La radio a contribué à regrouper des jeunes de différents villages voisins où des conflits héréditaires pendaient comme les legs de terre, d’animaux et même de compagnes. « Dans nos villages, il existe une sorte de conflit héréditaire que les jeunes continuent de raviver à travers leurs comportements dans la violence surtout. Chercher la femme d’un ami, détruire le champ d’une personne parce qu’on a vu notre papa le lui offrir, sont entre autres des conflits qui enflamment les jeunes dans les villages. Initier des émissions radiophoniques qui vont mettre à nu ces comportements et trouver des pistes de solutions sont les objectifs poursuivis par la radio Kawral », indique Ismaël KONFE.

Unis dans leur différence

En temps de crise, des activités sont organisées par des associations pour participer à la cohésion sociale dans un contexte où les personnes déplacées et les autochtones cohabitent. Djénéba DIALLO est responsable de l’association pour la promotion de la femme et de l’enfant du Séno ; une association qui regroupe en majorité des déplacés venus de la commune de Gorgadji. Elle-même déplacée, elle comprend que les autochtones et les déplacés se côtoient et il peut exister des différends entre eux, alors leur trouver des activités à mener pourrait les éloigner bien des vices et des querelles inutiles. Et elle s’explique : « Nous avons organisé des théâtres-fora pour occuper les déplacés mais aussi sensibiliser sur la cohésion sociale ». L’association a même impliqué les leaders religieux dans ses activités au quotidien, en ce sens une journée de prière a été organisée à Gorgadji. Des prêches qui ont permis à des quartiers de se réconcilier au point que des villages environnants en réclament pour taire leurs divergences.

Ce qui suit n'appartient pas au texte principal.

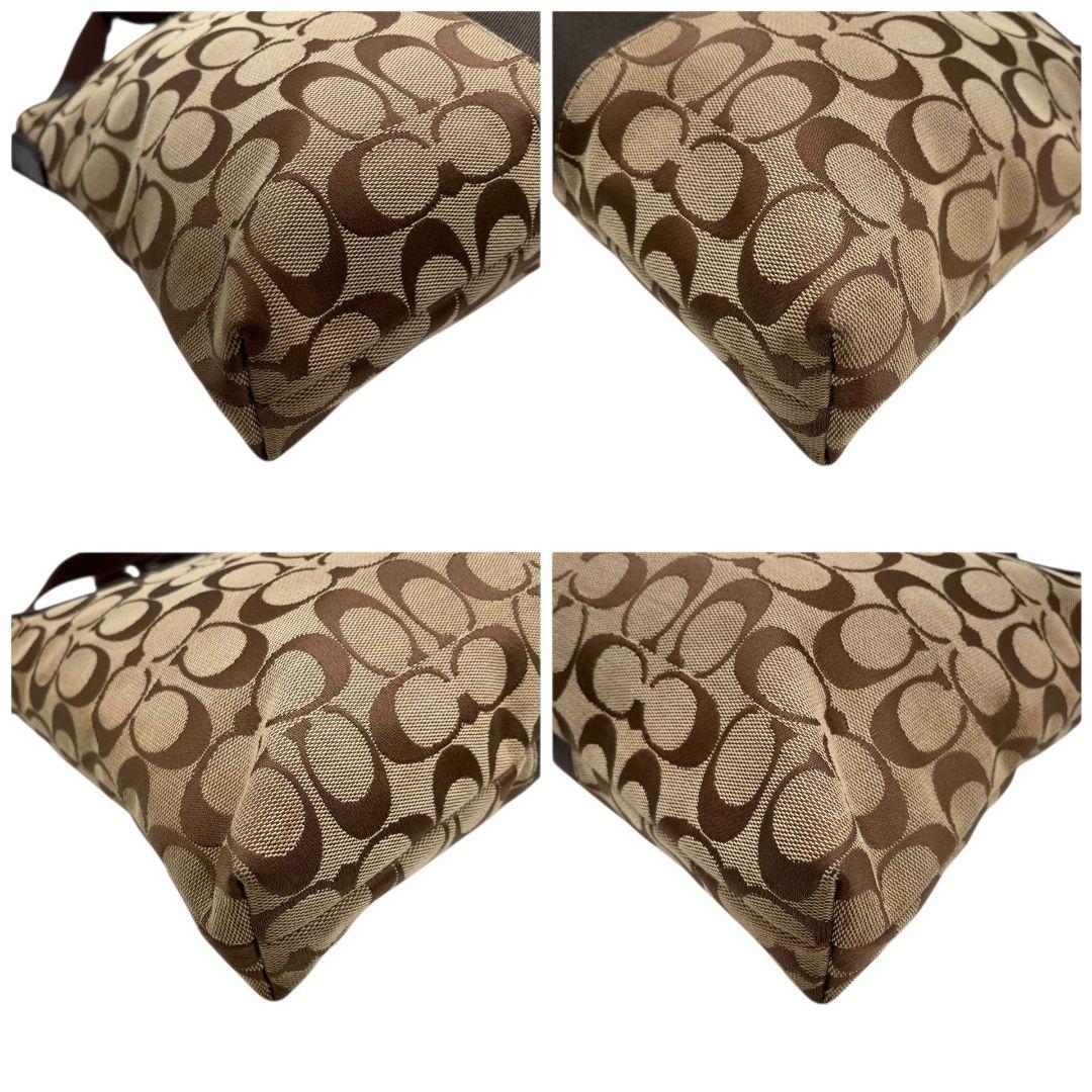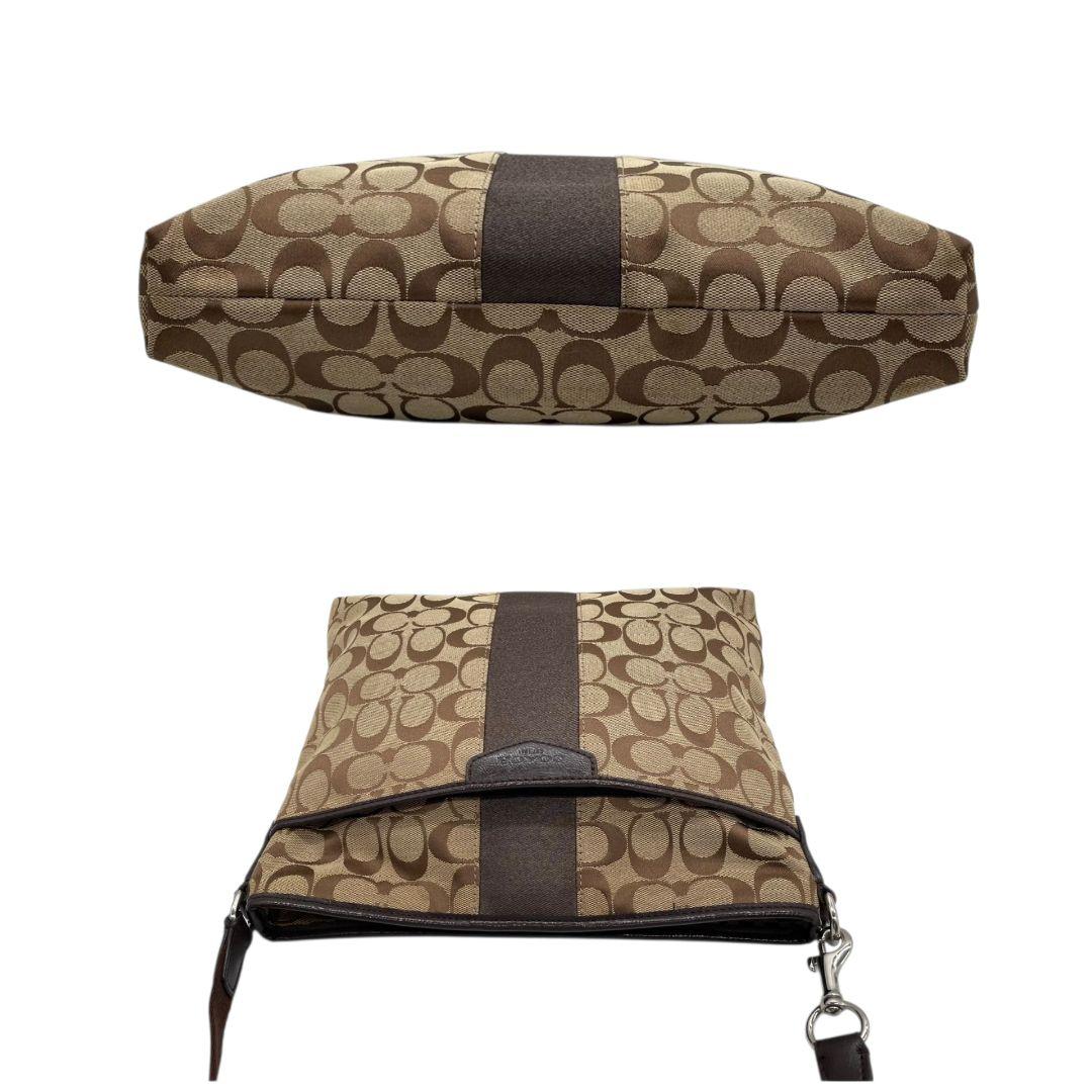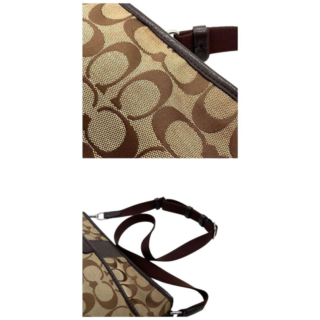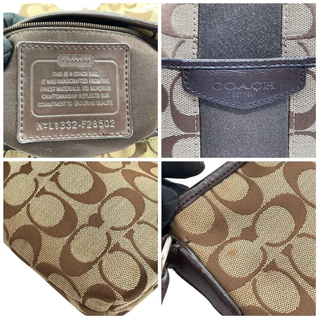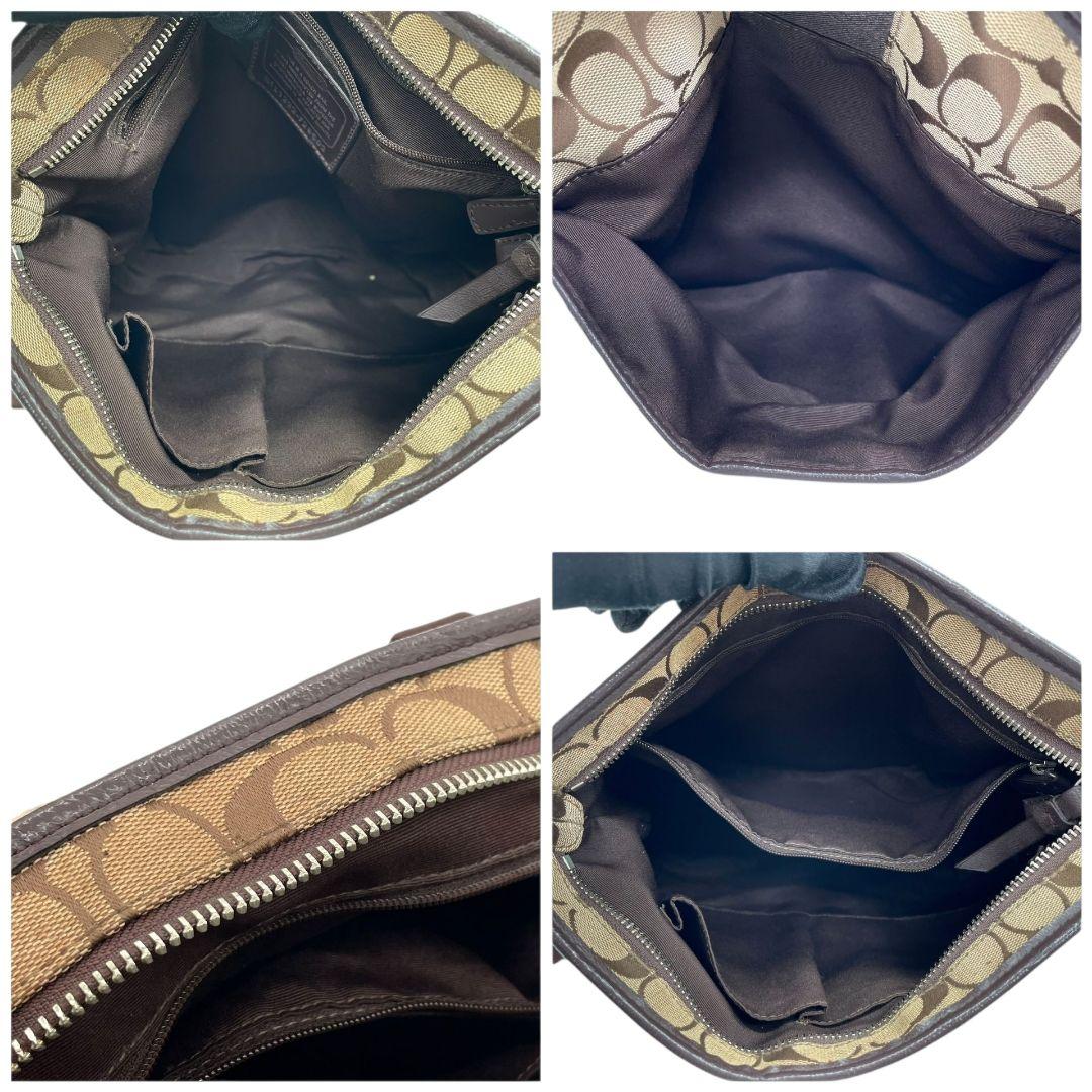 コーチ ショルダーバッグ 茶 シグネチャー 斜め掛け可 A4収納 T7 COACH キャンバス レザー 本革 シルバー金具 F28502 ブラウン

Djénéba DIALLO, responsable de l’association pour la promotion de la femme et de l’enfant du Séno

Les membres de l’association mènent des plaidoyers avec les autorités locales pour renforcer la cohabitation pacifique entre hôtes et déplacés. Un cadre de concertation a été mis en place à cet effet. Le premier plaidoyer mené par l’association, c’est de permettre aux déplacés d’avoir des activités socioprofessionnelles (formation dans des métiers) afin de réduire l’assistance et le chômage, des choses qui sont sources de vulnérabilité. Allant dans le même sens, les responsables de l’associations ont sollicité les autorités de plaider auprès des structures financières d’accepter de financer les projets des personnes déplacées internes autant que les hôtes.

Au Sahel, toutes ces activités concourent à apaiser le climat déjà dégradé. Face à l’adversité, la résilience sonne comme une attitude à avoir. Boris CYRULNIK, médecin, psychanalyste et scientifique français du XXe siècle l’avait si bien dit : « la résilience, c’est l’art de naviguer dans les torrents ».